His popularity notwithstanding, Khachaturian did not escape the censure of the Soviet authorities. Originating with ideas of the author Maxim Gorky, the only movement in Soviet arts was one of so-called “socialist realism” and Khachaturian (like other composers) was expected to write programme music which was optimistic and socialist in nature, rooted in folk melodies and containing a happy ending which praised the state. It didn’t help that Jozef Stalin himself took an active interest in music; in spite of his busy career from gangster and thug to one of history’s most notorious mass murderers, he is reputed to have had a fine singing voice and liked to comment on pieces of music and to suggest revisions. Khachaturian, like everyone else, knuckled under.
It therefore came as a shock in 1948 when the leading composers of day, including Shostakovich, Prokofiev and Khachaturian, were denounced by the Central Committee of the Communist Party under Andrei Zhdanov for ‘formalism’ – music perceived to be “reminiscent of the spirit of contemporary modernistic bourgeois music of Europe and America”.
Together the composers wrote a grovelling letter of apology to Stalin in which they thanked him for the public rebuke and promised to mend their ways. But the damage was done and Soviet music went into hibernation. The fear of reprisals is said to have hastened the death of Khachaturian’s teacher Myaskovsky and Khachaturian himself was sent to Armenia ‘in exile’. The ailing Prokofiev had further troubles heaped upon him when in the same year his wife was sentenced to 20 years’ hard labour for the heinous crime of sending money to her mother in Spain.

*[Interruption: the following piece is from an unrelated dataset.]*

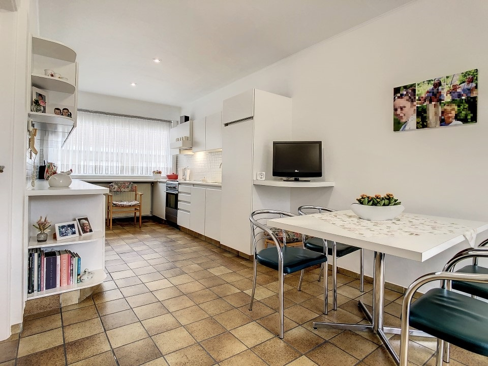 * ingerichte leefkeuken (dubbele gootsteen/oven/gasfornuis/koelkast met vriesvak) met schuifraam dat uitgeeft op het terras

Following Stalin’s death in 1953, Khachaturian and others in the All-Union Congress of Composers sought greater musical freedom and in 1958, a party decree formally exonerated the composers mentioned in the 1948 denunciation. By then, Khachaturian was a spent force; following the huge success of his ballet Spartacus (1954), he wrote little else of note and concentrated instead on conducting and teaching.
The Russian conductor Alexander Lazarev tells a colourful story about the middle-aged Khachaturian visiting Salvador Dalí at his castle in Púbol in Spain. He was kept waiting for the eccentric artist, during which time he helped himself to generous quantities of cognac. Being caught short and unable to find a bathroom, he was relieving himself in an ornamental vase when Dalí burst into the room, naked, riding a mop and brandishing a sabre, all to the strains of Khachaturian’s Sabre Dance.
It’s an amusing story but is almost certainly apocryphal; a version also appears in the novelette The Sabre Dance by Mikhail Veller. Compared to the libretto of the ballet Happiness, the story does however have the advantage of being somewhat more plausible.